| Your assignment |
Pictures in the listing below are skipped, while the lines from the "Daarnaast is de" line through the "The Smeg 4 Slot" line are returned word for word.

Top of Excerpted data

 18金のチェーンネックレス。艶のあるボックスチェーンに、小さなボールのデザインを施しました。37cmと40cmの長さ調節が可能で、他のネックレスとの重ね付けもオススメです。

Bottom of Excerpted data
Top of Excerpted data

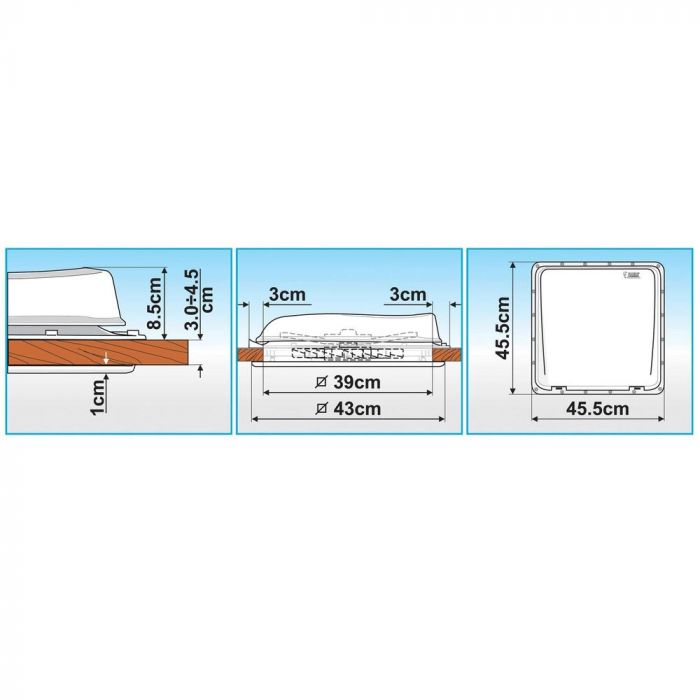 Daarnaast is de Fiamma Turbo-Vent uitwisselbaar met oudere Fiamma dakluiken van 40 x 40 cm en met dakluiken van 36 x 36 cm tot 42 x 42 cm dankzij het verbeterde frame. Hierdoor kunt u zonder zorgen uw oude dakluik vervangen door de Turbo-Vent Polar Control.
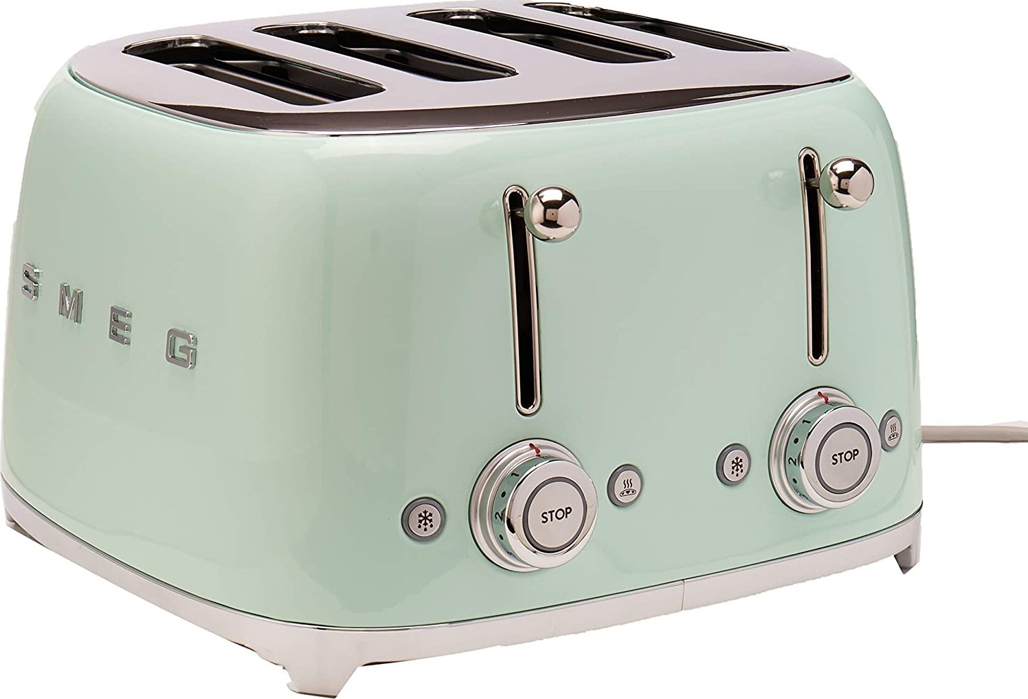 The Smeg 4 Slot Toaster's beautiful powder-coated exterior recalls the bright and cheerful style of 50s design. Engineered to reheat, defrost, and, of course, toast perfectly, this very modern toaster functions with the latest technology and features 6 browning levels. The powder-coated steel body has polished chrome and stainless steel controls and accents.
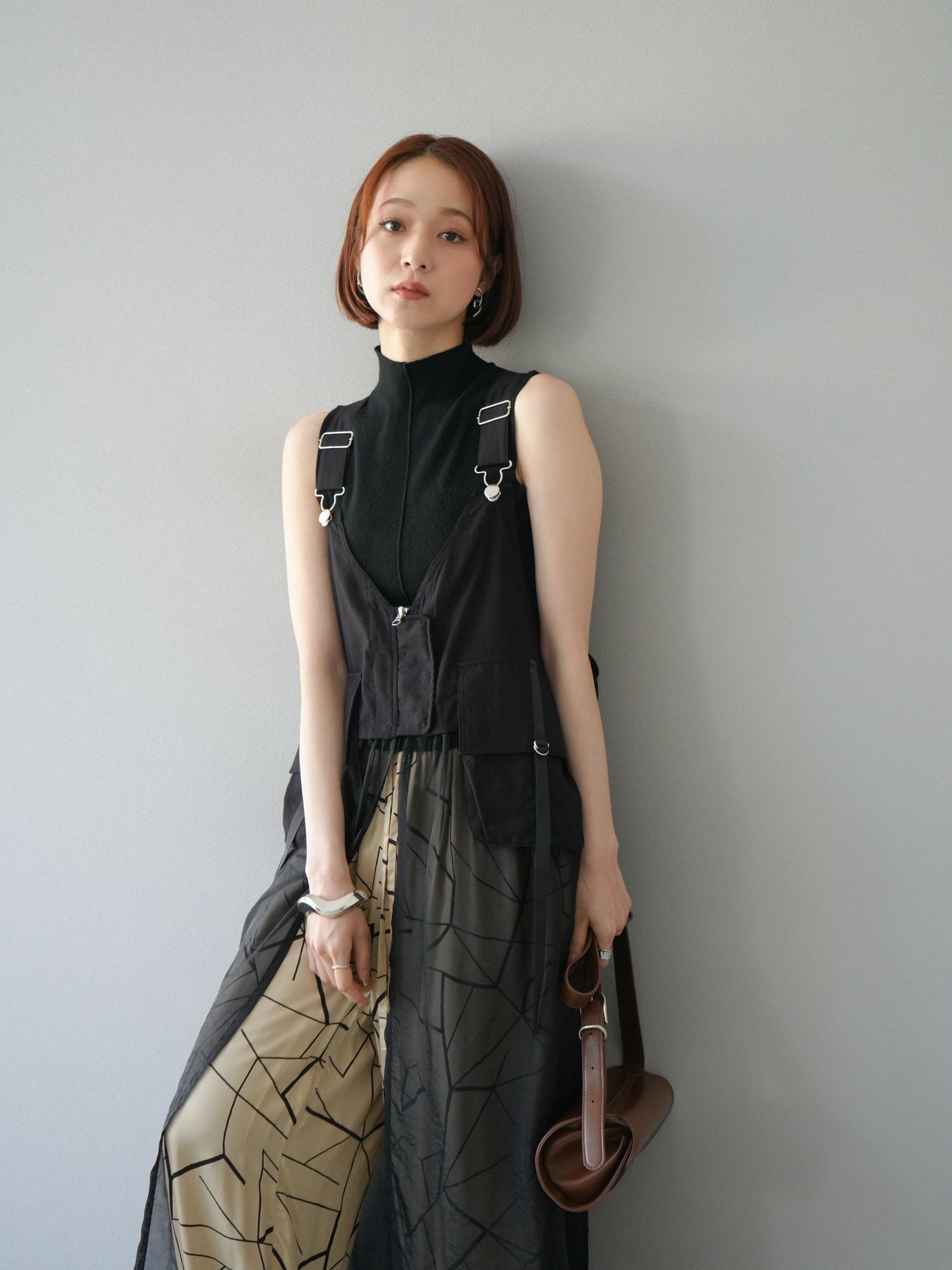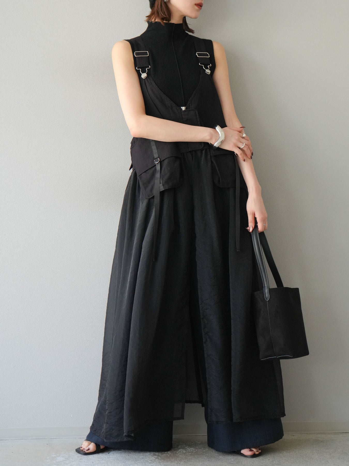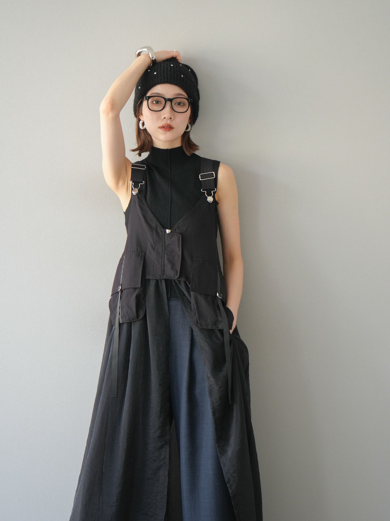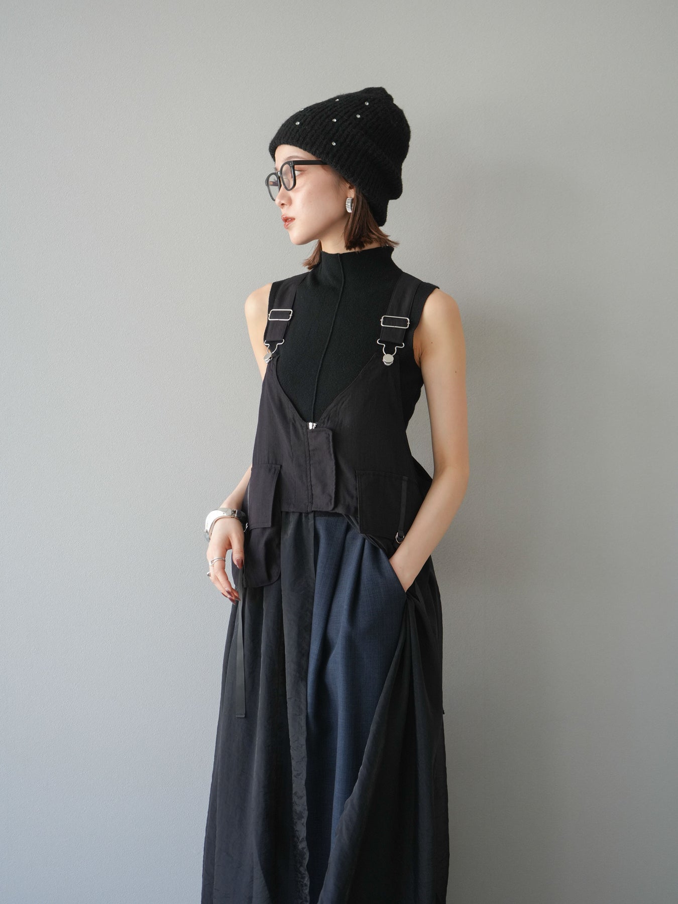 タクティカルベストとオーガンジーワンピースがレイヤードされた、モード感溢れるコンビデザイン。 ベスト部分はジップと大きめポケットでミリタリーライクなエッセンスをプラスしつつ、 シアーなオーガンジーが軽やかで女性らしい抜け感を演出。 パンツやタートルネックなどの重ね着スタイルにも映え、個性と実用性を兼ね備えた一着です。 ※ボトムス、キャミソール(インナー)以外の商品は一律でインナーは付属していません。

Bottom of Excerpted data

| Output |
 Daarnaast is de Fiamma Turbo-Vent uitwisselbaar met oudere Fiamma dakluiken van 40 x 40 cm en met dakluiken van 36 x 36 cm tot 42 x 42 cm dankzij het verbeterde frame. Hierdoor kunt u zonder zorgen uw oude dakluik vervangen door de Turbo-Vent Polar Control.
 The Smeg 4 Slot Toaster's beautiful powder-coated exterior recalls the bright and cheerful style of 50s design. Engineered to reheat, defrost, and, of course, toast perfectly, this very modern toaster functions with the latest technology and features 6 browning levels. The powder-coated steel body has polished chrome and stainless steel controls and accents.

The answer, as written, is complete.